La mano de Tamira cubren mis labios rápidamente al casi sufrir un paro cuando nos comenzamos a mover. Puedo escuchar el chillido de las ruedas y si presto la demasiada atención, los pasos de varias personas. Nos estamos moviendo, todas. Quiero abrazar a Tamira pero el miedo de hacer temblar misteriosamente el carrito, nos delate. Nos quedamos inmóviles por unos diez minutos sintiendo como pasamos de un terreno liso a otro.

-Hey- la voz de nuestro conductor misterioso me altera mas de lo que estoy. Entiendo el punto de que nos estén pasando como ropa sucia, pero ¿Quién lava a estas horas de la noche? Una parte de mí, quiere tranquilizarse con la idea de que estas chicas llevan haciendo esto por mucho tiempo pero la otra no para de imaginarse que incluso Tamira puede obrar en mi contra...por Belmont y no puedo quitarme de la cabeza las miradas curiosas de Ekaterina, antes de meterme en este vestido que me saca el aire poco a poco. Los latidos de mi corazón no me permiten concentrarme en la conversación de las personas alrededor de nosotras, presiento que en cualquier momento levantaran la manta y ¡pum! Veré la cara de mi tío y una familia nueva esperando por mí.

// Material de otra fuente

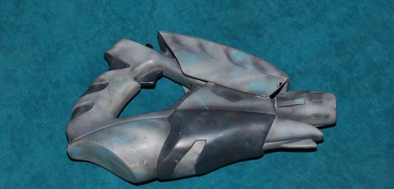 A prop item acquired for use in Star Trek feature films and episodic television. This item is a prop energy pistol, it is a very sturdy resin cast with a more ‘alien’ look than most of the hand held energy weapons used in Star Trek; it is painted gray and … |
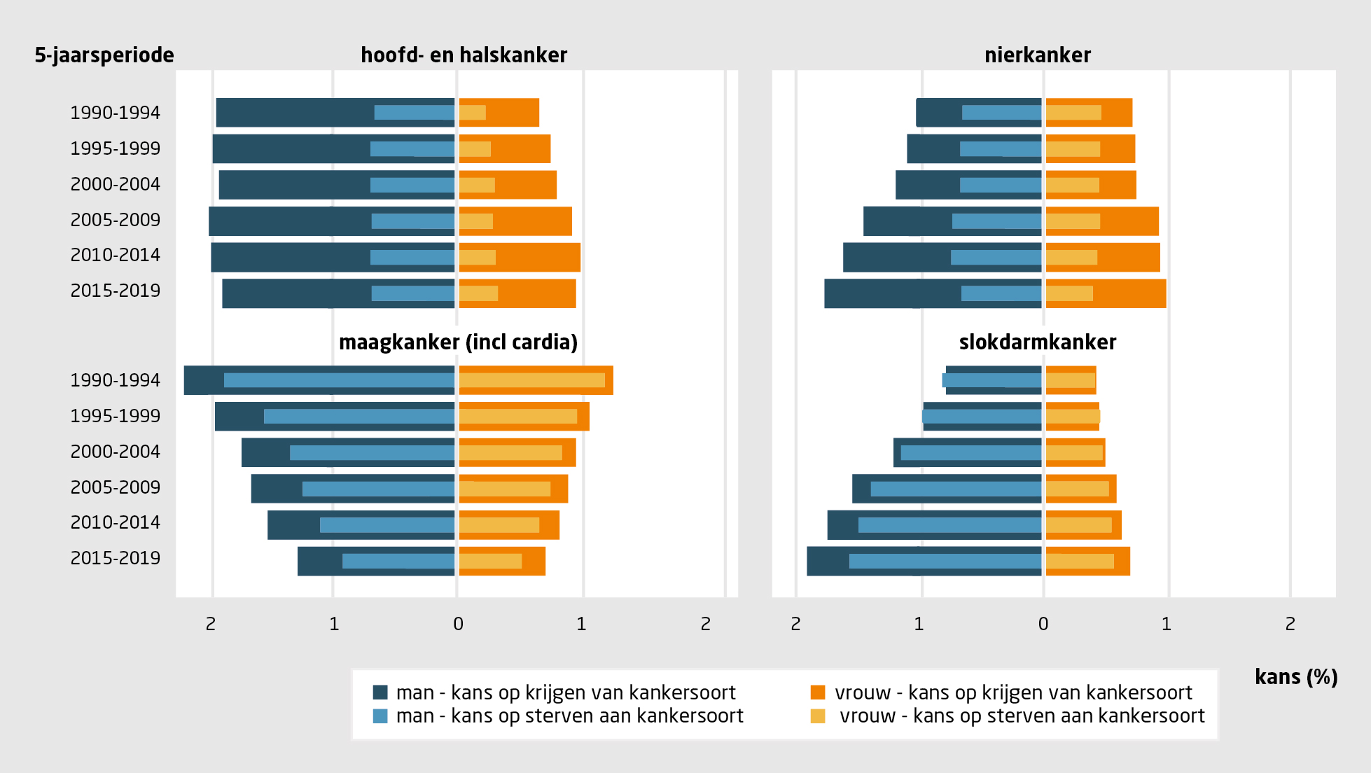 Mannen hebben een grotere kans op hoofd-halskanker dan vrouwen (figuur 3). Voor mannen is deze kans stabiel rond de 2,0%; voor vrouwen is deze in dertig jaar gestegen van 0,7% naar 1%. De kans op nierkanker is voor mannen en vrouwen gestegen, maar de kans om eraan te overlijden is nagenoeg niet veranderd. De kansen op het krijgen van maagkanker is gedaald, terwijl de kans om slokdarmkanker te krijgen is gestegen.

Estrujo las delicadas manos de Tamira cuando nos detenemos, unas pisadas nerviosas se escuchan de fondo acompañados de murmullos, quiero esconder mi rostro en su cuello y sentir que es mi madre la que me esta protegiendo. Abrázame, por favor.

-Nos detuvimos muy rápido- susurra mi amiga para ella sola, lo mas probable es que piense que no la escuche. Pero lo hice, cada palabra se marco en mi mente convirtiéndose en nuestro siguiente movimiento. Hasta que de la nada las toallas y mantas que nos cubrían desaparecen y siento como cada musculo de Tamira se tensa de inmediato, Dios de las escapadas, óyenos.